A rubric is, we could say, just a series of scales that use the same values with something like the operationalization of each value specified.

Rubrics are, in other words, nothing new. Why then, our first question must be, do assessment fanatics act as if rubrics are new, something they have discovered and delivered to higher education?

I would submit that the answer is ignorance and naivete. They just don't know.

A second question is why their rubrics are so often so unsophisticated. Most rubrics you find on assessment websites, for example, suggest no appreciation for something as elementary as the difference between ordinal, interval, and ratio measurements. Take this one, which is a meta-rubric (an assessment rubric for rating efforts at assessment using rubrics). (Source: WASC)

Criterion	Initial	Emerging	Developed	Highly Developed
Comprehensive List
Assessable Outcomes
Alignment
Assessment Planning
The Student Experience

Looks orderly enough, eh? Let's examine what's in one of the boxes. Here's the text for "Assessment Planning" at the "Developed" level:

The program has a reasonable, multi-year assessment plan that identifies when each outcome will be assessed.
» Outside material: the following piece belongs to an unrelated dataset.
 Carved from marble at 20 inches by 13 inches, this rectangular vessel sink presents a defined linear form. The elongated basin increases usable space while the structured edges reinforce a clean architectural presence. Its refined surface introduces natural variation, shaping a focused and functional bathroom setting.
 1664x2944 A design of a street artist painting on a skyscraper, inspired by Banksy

The plan may explicitly include analysis and implementation of improvements.

It looks like we need another rubric because we've got lots going on here:

What makes a "reasonable, multi-year plan"?
Mainly what we need here are dates : when will each outcome be assessed.
How should the assessor rate the "may-ness" of analysis and implementation? Apparently these do not make the plan better or worse since they may or may not be present.
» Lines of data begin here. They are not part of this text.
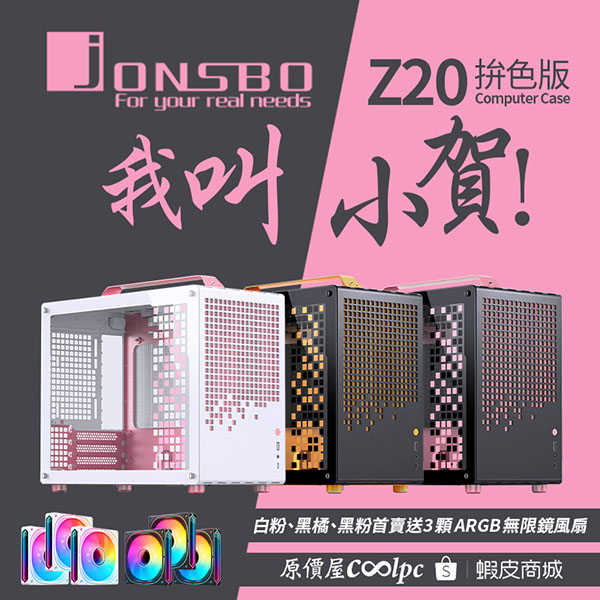 想把家裡那坨笨重的黑炭色 CASE 給扔了!喬思伯 Z20 拼色版機殼,獨具有性能與美的設計感,超棒的 BLACKPINK 偶像配色、橘黑/粉白都好漂亮!面板與側玻璃搭配像素風格,帶來現代科技撞老派點陣式的強烈對比 。可愛的 370 x 186 x 295mm(20L) 小體型中,巧妙安排滿滿的功能性,更保留 DIY 玩家的靈活性!本次首賣重頭戲的贈品 JONSBO FR-505 全幅式無限鏡風扇扇超炫的, PWM 溫控、3 面無限鏡效果搭配 ARGB 燈光,把質感發揮上了極致,支援華碩 AURA SYNC、技嘉 RGB FUSION 2.0、微星 Mystic Light SYNC、華擎 Polychrome RGB 燈光控制,其實算一算喬思伯 Z20 拼色版玻璃透側機殼售價 NT.2690,首波來原價屋加碼送上 3 顆 ARGB 無限鏡風扇(價值NT.897) 真的超划算!至於你說零組件要配甚麼好,可以參考看看>>免萬元的 i9、戰神 i7 和 C/P 值 i5 神 U!
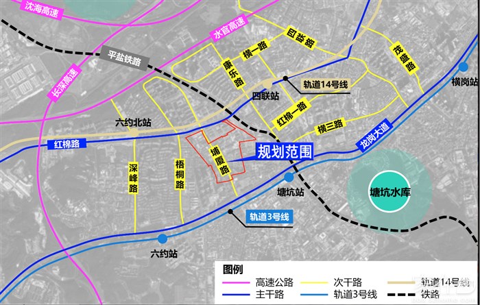 项目位于深圳市龙岗区中部横岗街道六约社区,南侧临近城市主干道龙岗大道,东侧紧临平盐铁路,北侧紧临城市主干道红棉路。
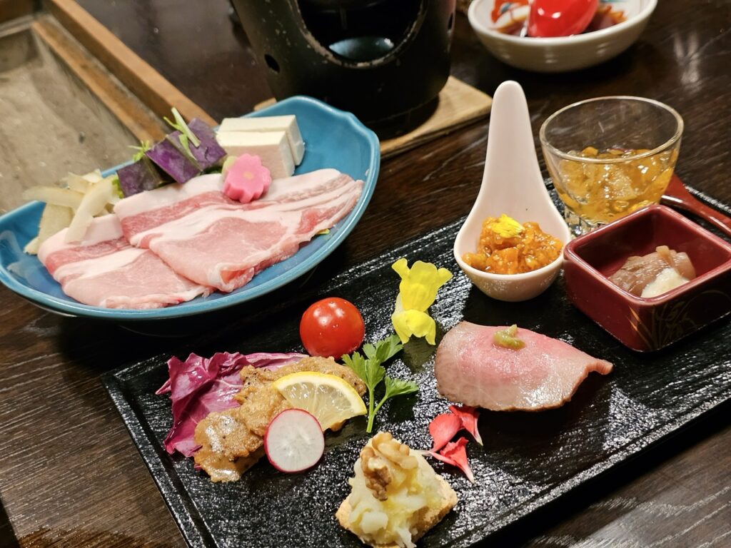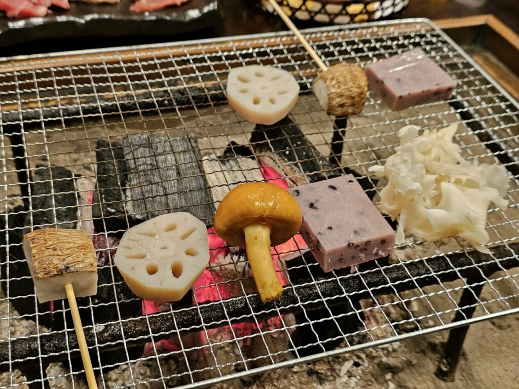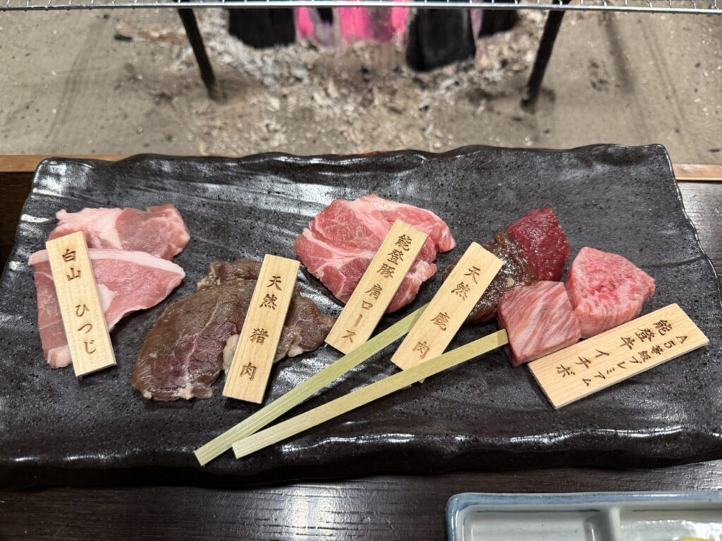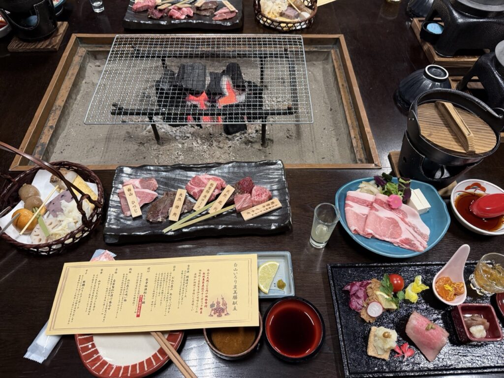 留宿的兩天一夜,我對館內提供的晚餐和早餐,留下深刻的印象。從燒烤能登牛、能登豬、白山羊肉到天然鹿肉,甚至還有台灣人很好奇的熊肉,也滿足了喜愛品嚐比較肉品的饕客。當然,當季的甘美蔬菜,也是餐桌上沒有缺席的角色。當地當旬的食材,在爐庵的用心挑選下,把白山的特色濃縮進舉箸之間。

Our next analytical step might be to look at what varies between the different levels of "Assessment Planning" but first let's ask what conceptual model lies behind this approach? It's very much that of developmental studies, especially psychology. The columns are, thus, stages of development. In psychology or child development the columns have some integrity in the natural stages a person goes through. Dimensions may be independent in terms of measurement but highly correlated (typically with chronology) and so "stages" emerge naturally from the data.

In the case of assessment, though, these are a priori categories made up by small minds who like to put things in boxes. And the analogy they are making when they make them up is very much to child development. An assessment rubric is a grown up version of kindergarten report cards.

Friday, August 28, 2009

Why Do We Need a Faculty Assessment Committee?
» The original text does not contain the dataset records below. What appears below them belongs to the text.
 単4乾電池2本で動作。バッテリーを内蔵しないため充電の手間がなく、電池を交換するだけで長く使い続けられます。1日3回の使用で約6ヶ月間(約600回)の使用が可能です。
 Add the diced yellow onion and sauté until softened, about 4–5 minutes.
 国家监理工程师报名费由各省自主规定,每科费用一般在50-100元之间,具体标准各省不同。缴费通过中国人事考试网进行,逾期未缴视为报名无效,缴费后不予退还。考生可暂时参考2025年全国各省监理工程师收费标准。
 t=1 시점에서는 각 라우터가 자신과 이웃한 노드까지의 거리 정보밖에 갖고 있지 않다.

Any time we create a committee we should stop and ask why. The baseline for answering that question should be the world (or institution) without the committee. How was it? How would it be?

When I think about that in this case, here's what I come up with. With no practicing assessment committee (it was appointed but never met last year):

Faculty have felt little opportunity for real input into assessment
The process has in fact, over the years, been dominated by non-faculty and non-academics.
Many faculty members are unimpressed with the process. Substantive missteps have been frequent. Faculty members' assessments of assessment span the range from feeling insulted by the unprofessional and intellectually demeaning tone with which assessment has frequently been conveyed to serious criticism of the validity of the methods used in assessment and real concern about how it is consistently ignored or dismissed. And much in between.

[I suspect that from the "other side" it looks like this

Faculty have been slow to adopt a culture and practice of assessment
Our job is to get the institution to comply with WASC enough to get us re-certified]

So how to make the world different WITH an assessment committee? If I were an administrator, I'd think that the committee could help me to bring the faculty along. I could co-opt them as fellow champions of assessment as currently practiced and they'd be vanguards of the movement.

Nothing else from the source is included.